Best Buy (BBY) Q4 2026 earnings

Sign at the main entrance of a Best Buy store in Venice, Florida.
Erik McGregor | Light Rocket | Getty Images
Best Buy The retailer reported mixed results on Tuesday as holiday quarter sales fell and fell short of Wall Street expectations, but its earnings beat estimates as it showed profitability improving.
The consumer electronics retailer expects its revenue for the current fiscal year to range between $41.2 billion and $42.1 billion, compared to $41.69 billion in the last fiscal year. It expects adjusted earnings per share to range between $6.30 and $6.60, after reporting adjusted earnings per share of $6.43 for the previous fiscal year.
Best Buy predicts comparable sales, a metric that tracks sales online and at stores open at least 14 months, will range from a 1% decline to a 1% increase.
In a press release, CEO Corie Barry said demand for consumer electronics remains weak during the gift-giving season, but the company’s internal data shows Best Buy’s market share in the industry is “at least stable.”

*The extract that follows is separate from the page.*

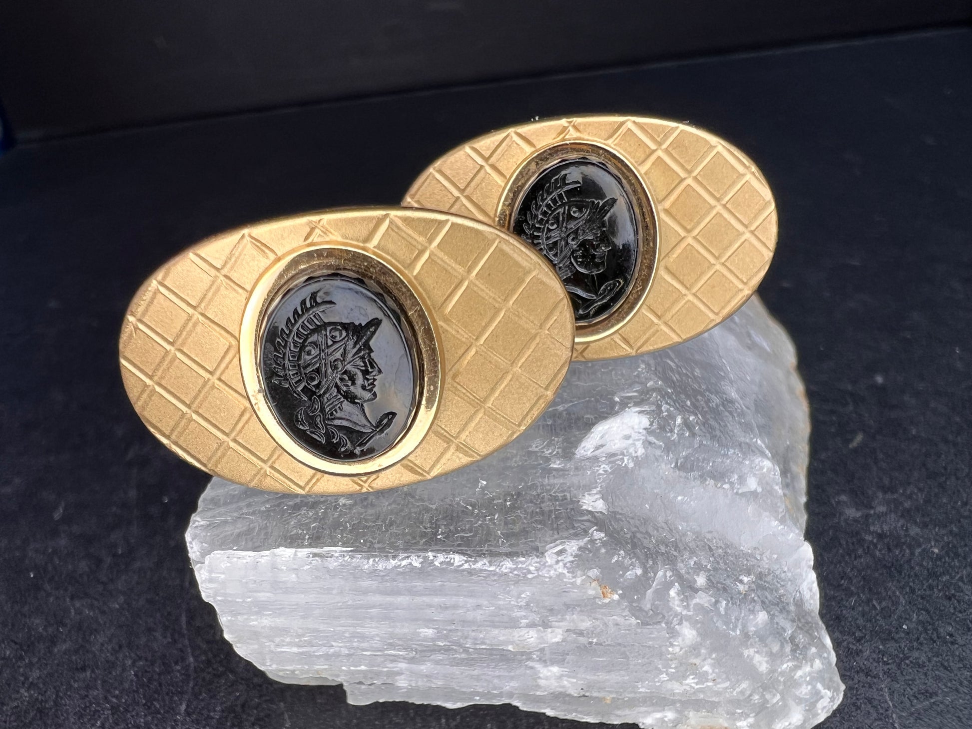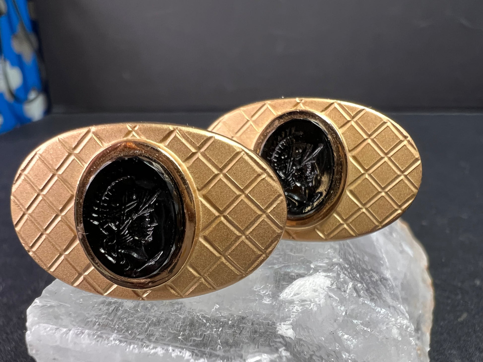 Vintage MCM Swank Gold Tone Centurion Cameo Cufflinks
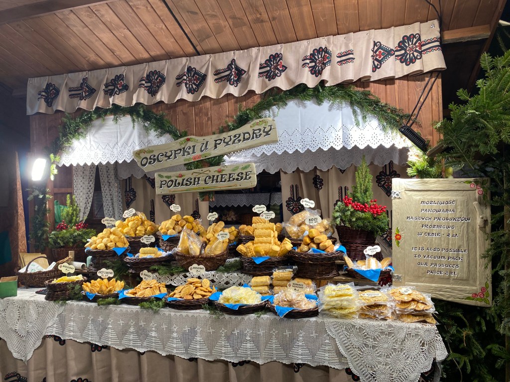 The town square is also where the Christmas market is held. I’ll talk more about some of the unique Christmas market goodies you can find in Poland and eastern Europe in a bit. There are plenty of legitimately great tchotchkes sold by local artisans within the Christmas market and indoor market, the Sukiennice. The Sukiennice (Cloth Hall) is where all the medieval trade of fine textiles, leather, wax, salt, and spices used to take place. Today, you can get excellent leather gloves, shoes, Polish keepsakes, and amber jewelry for an exquisitely low price. If you’re not visiting at Christmas, there won’t be an outdoor market, but you can always hit up the Sukiennice for all your souvenir shopping. The outdoor Christmas market will have beautiful Polish pottery, hand-painted folk-artsy ornaments, and pierniczki, heart-shaped gingerbread cookies.

Chief Financial Officer Matt Bilunas said in his own statement that the company was “thrilled with the momentum in our business.” But he added that company leaders “expect to continue to navigate the mixed macro environment.”

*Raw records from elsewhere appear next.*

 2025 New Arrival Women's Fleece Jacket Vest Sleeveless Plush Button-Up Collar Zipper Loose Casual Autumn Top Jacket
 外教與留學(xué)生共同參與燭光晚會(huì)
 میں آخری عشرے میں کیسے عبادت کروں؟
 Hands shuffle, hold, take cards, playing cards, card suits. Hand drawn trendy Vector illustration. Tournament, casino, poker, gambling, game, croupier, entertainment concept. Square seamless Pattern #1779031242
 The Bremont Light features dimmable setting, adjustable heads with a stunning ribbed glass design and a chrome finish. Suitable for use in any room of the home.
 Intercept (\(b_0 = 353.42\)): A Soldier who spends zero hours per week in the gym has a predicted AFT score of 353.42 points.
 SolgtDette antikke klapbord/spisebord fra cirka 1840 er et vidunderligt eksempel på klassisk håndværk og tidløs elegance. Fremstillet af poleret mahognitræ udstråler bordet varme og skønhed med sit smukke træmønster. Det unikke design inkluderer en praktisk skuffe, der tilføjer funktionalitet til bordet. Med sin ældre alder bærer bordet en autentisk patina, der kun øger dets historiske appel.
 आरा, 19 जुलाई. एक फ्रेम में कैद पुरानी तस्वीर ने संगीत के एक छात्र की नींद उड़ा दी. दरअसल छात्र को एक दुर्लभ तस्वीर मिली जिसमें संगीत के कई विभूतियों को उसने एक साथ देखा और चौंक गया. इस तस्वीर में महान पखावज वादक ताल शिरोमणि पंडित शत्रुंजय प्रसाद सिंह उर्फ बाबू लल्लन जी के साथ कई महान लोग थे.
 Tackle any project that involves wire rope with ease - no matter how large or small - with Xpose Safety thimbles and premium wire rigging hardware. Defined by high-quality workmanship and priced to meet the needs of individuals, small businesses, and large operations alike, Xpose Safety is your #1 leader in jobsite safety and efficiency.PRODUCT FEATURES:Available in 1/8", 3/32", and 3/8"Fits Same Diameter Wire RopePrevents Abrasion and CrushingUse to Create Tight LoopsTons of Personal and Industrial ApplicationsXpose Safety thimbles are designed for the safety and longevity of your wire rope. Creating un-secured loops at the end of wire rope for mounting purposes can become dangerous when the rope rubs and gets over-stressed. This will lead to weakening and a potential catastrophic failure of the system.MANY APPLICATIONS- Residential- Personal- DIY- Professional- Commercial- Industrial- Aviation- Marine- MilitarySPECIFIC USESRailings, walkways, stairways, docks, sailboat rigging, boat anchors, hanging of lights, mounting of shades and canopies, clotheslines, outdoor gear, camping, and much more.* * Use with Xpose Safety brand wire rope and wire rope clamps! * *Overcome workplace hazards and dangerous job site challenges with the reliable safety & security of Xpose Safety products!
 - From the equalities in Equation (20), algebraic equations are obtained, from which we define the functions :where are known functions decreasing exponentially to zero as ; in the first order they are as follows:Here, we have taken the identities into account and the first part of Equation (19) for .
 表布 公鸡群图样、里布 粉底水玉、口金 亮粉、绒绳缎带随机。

Best Buy shares closed up more than 7% on Tuesday.
Here’s how the retailer performed in the fourth fiscal quarter compared to Wall Street expectations, according to a survey of LSEG analysts:
- earnings per share: US$2.61 vs expected US$2.47
- Revenues: $13.81 billion, expected $13.88 billion
Best Buy’s net income for the three months ended Jan. 31 rose to $541 million, or $2.56 per share, from $117 million, or 54 cents per share, in the same quarter a year ago. Best Buy reported adjusted earnings per share of $2.61, excluding one-time expenses, including expenses related to its healthcare business.
Revenue was down from $13.95 billion in the prior-year quarter. However, on an annual basis, revenue increased to $41.69 billion from $41.53 billion in the previous fiscal year. Best Buy’s annual revenue has declined over the previous three fiscal years.
For nearly four years, Best Buy has attributed its slowing sales to more price-sensitive U.S. consumers, a slower housing market and less technological innovation. All of these factors have caused some customers to postpone technology purchases, especially high-priced items like new refrigerators.
In a call with reporters, Barry said the company continues to see consistent behavior from both high-income and low-income groups. While he said Best Buy is seeing some softness in higher-priced product sales, the other end of its customer base is “resilient” and “deal-oriented.”
More than half of Best Buy’s customer base is in the $100,000 or higher income bracket, he added.
“I think it’s important to know that where we’re seeing innovation, where there’s a little bit more innovation, people are willing to step up to higher price points across income brackets,” Barry said on the call.
Since most consumer electronics are imported, higher tariffs also increased costs for Best Buy. Barry said the company’s “last resort” was to raise prices and instead focused on diversifying its supply chain and negotiating costs with vendors.
Comparable sales fell 0.8% in the fourth quarter as the company saw declines in white goods and home theater sales. These declines were partially offset by increased sales of computers and mobile phones, the company said.
Best Buy has pivoted to more profitable businesses, including selling ads and offering more products through its third-party marketplace, which launched in August. Best Buy’s advertising partners have nearly doubled from the previous year, and the retailer has significantly increased the number of products available in the marketplace, Barry said in the company’s press release.